**WHAT IS REQUIRED**
Using the entries that follow, transcribe only the lines from the line with "はじめに全員で、「まっかな秋」を歌いました。2年生の表情が" to the line with "Ed Hardy Rose Heart Y2K White Sweat Shorts", both included, exactly as they stand and without pictures.

**SUPPLIED ENTRIES**

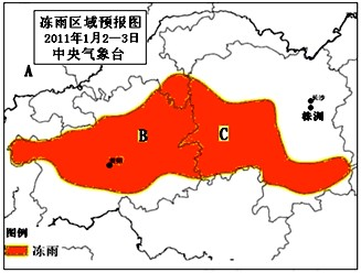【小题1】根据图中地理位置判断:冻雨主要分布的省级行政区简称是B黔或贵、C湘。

* * *

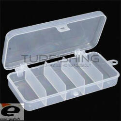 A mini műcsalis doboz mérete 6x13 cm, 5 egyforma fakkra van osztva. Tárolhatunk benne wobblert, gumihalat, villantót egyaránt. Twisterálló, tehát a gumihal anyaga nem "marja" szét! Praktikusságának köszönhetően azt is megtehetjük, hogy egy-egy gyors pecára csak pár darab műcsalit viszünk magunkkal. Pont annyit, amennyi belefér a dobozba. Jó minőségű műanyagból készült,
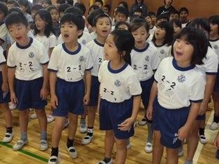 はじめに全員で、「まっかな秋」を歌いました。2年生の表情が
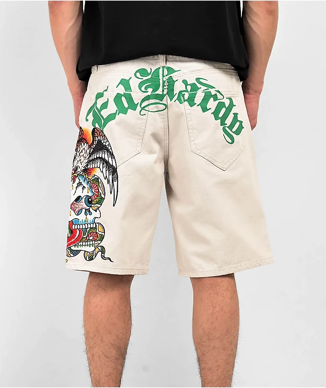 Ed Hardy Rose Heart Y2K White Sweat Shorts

==

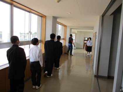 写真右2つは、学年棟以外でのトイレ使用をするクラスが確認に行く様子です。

**YOUR RESPONSE**
 はじめに全員で、「まっかな秋」を歌いました。2年生の表情が
 Ed Hardy Rose Heart Y2K White Sweat Shorts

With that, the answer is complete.